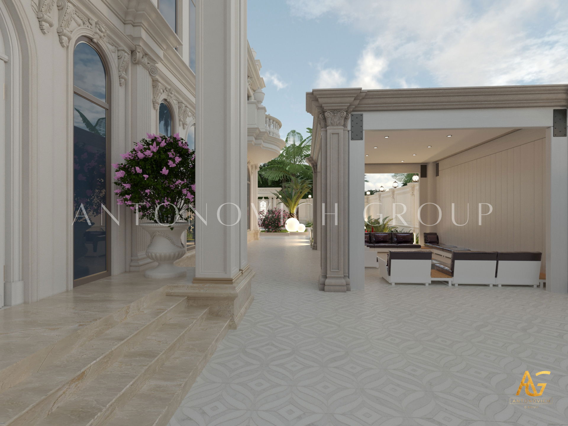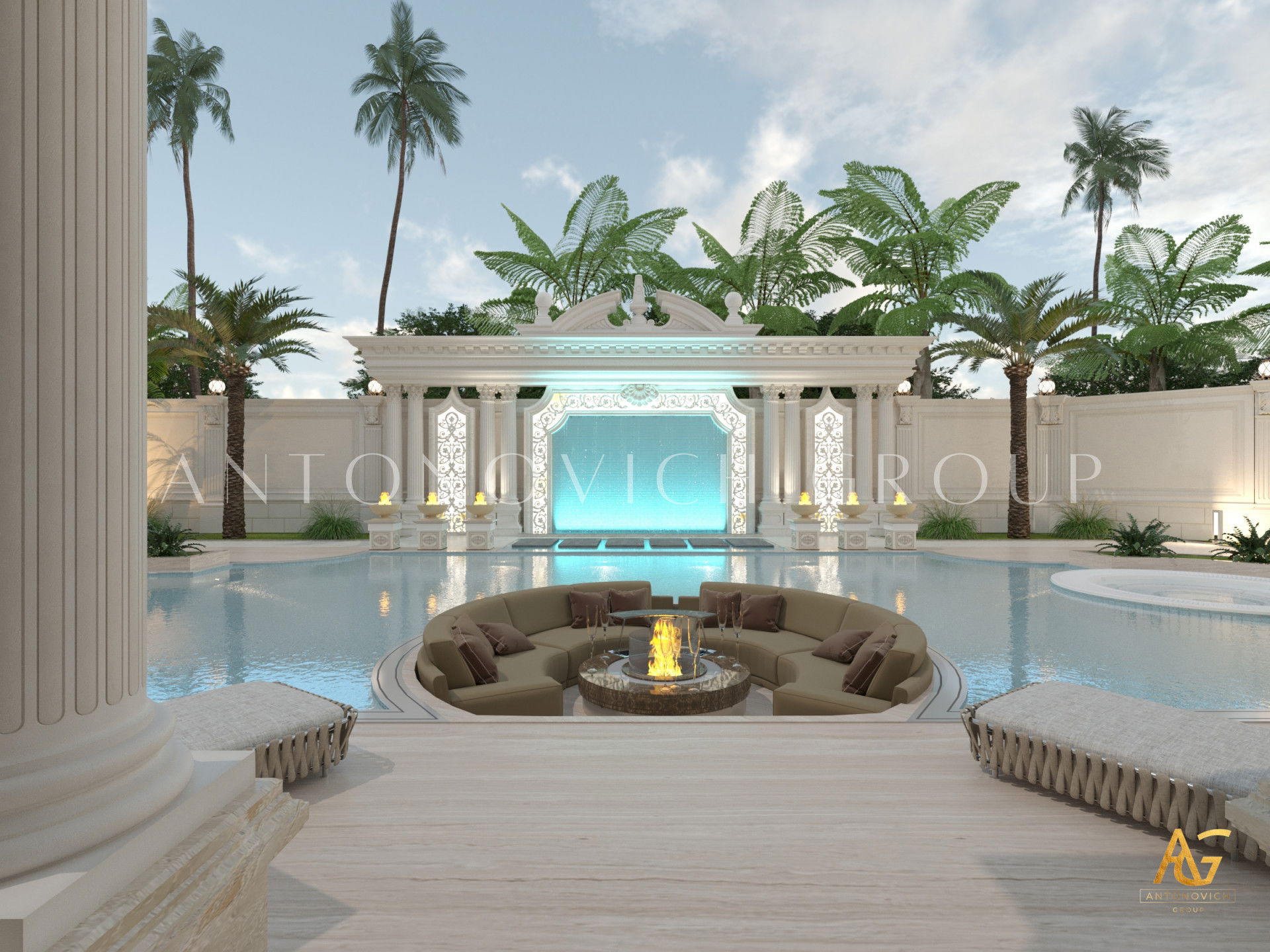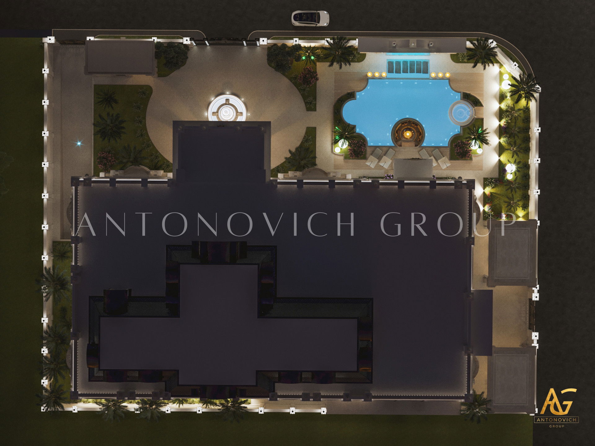The exterior excellence doesn't end with the facade – it extends to the enchanting landscape that surrounds the villa, featuring a luxurious swimming pool that is the epitome of elegance. Antonovich Group has turned the outdoor space into a private oasis, where relaxation and entertainment converge in perfect harmony.
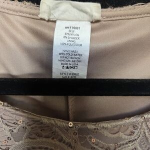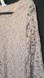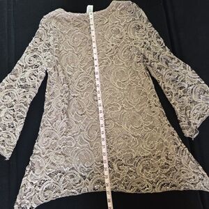 Brittany Black size large 3/4 sleeve with a lace overlay. This is a neutral taupe tan beige shade. scoop neckline and asymmetrical bell sleeves.
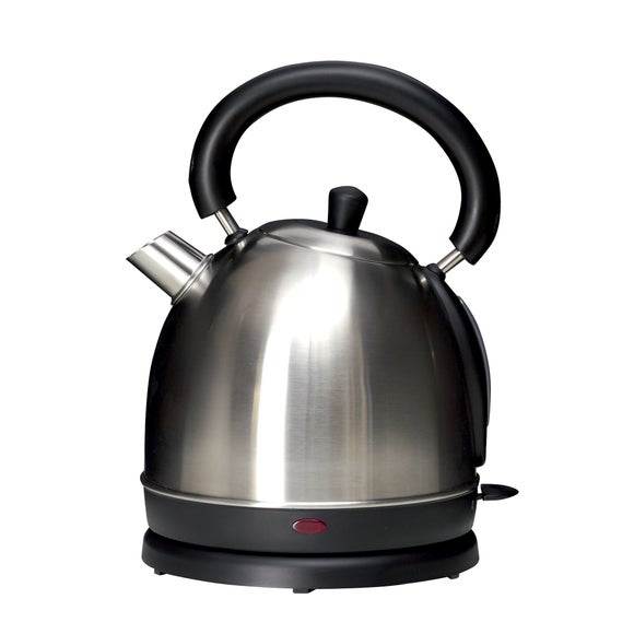Add a classic touch to your kitchen with our traditionally shaped cordless silver kettle, available to buy online today. Combine style & practicality for your kitchen with our silver traditional kettle With a traditional curved shape & a rounded large handle for safe & easy moving, our silver kettle will add a classic touch to your kitchen surfaces. Our cordless kettle features a water level gauge so that you can keep an eye on the amount that youre boiling to keep your energy & water costs down. With a removable water filter for easy cleaning, our stainless steel kettle has a rapid boil function so whether you need your wake up coffee in the morning or ready for a relaxing cup of tea when you get in from work, your drink will be ready in no time. Please note: This product is subject to stock availability. Ask Dunelm a question Brand Dunelm Capacity 1.8 Litre (3.1 pints) Care instructions Wipe clean with a soft cloth Colours available One colour available in Silver Material Metal, plastic Pack size One kettle Sizes available One size available in W 19cm (7") x L 29cm (12") x H 23cm (9") Wattage 3000 watts ...
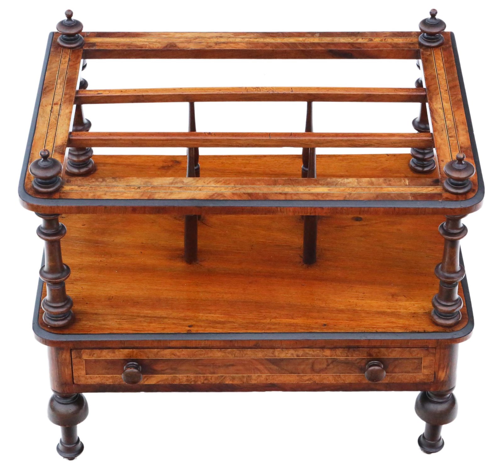 Victorian C1870 Inlaid Burr Walnut Canterbury Whatnot
-------------------------
Exercise objective – Please write out all of the material above without changing a word, and omit any pictures.

Problem solution –
The exterior excellence doesn't end with the facade – it extends to the enchanting landscape that surrounds the villa, featuring a luxurious swimming pool that is the epitome of elegance. Antonovich Group has turned the outdoor space into a private oasis, where relaxation and entertainment converge in perfect harmony.
 Brittany Black size large 3/4 sleeve with a lace overlay. This is a neutral taupe tan beige shade. scoop neckline and asymmetrical bell sleeves.
Add a classic touch to your kitchen with our traditionally shaped cordless silver kettle, available to buy online today. Combine style & practicality for your kitchen with our silver traditional kettle With a traditional curved shape & a rounded large handle for safe & easy moving, our silver kettle will add a classic touch to your kitchen surfaces. Our cordless kettle features a water level gauge so that you can keep an eye on the amount that youre boiling to keep your energy & water costs down. With a removable water filter for easy cleaning, our stainless steel kettle has a rapid boil function so whether you need your wake up coffee in the morning or ready for a relaxing cup of tea when you get in from work, your drink will be ready in no time. Please note: This product is subject to stock availability. Ask Dunelm a question Brand Dunelm Capacity 1.8 Litre (3.1 pints) Care instructions Wipe clean with a soft cloth Colours available One colour available in Silver Material Metal, plastic Pack size One kettle Sizes available One size available in W 19cm (7") x L 29cm (12") x H 23cm (9") Wattage 3000 watts ...
 Victorian C1870 Inlaid Burr Walnut Canterbury Whatnot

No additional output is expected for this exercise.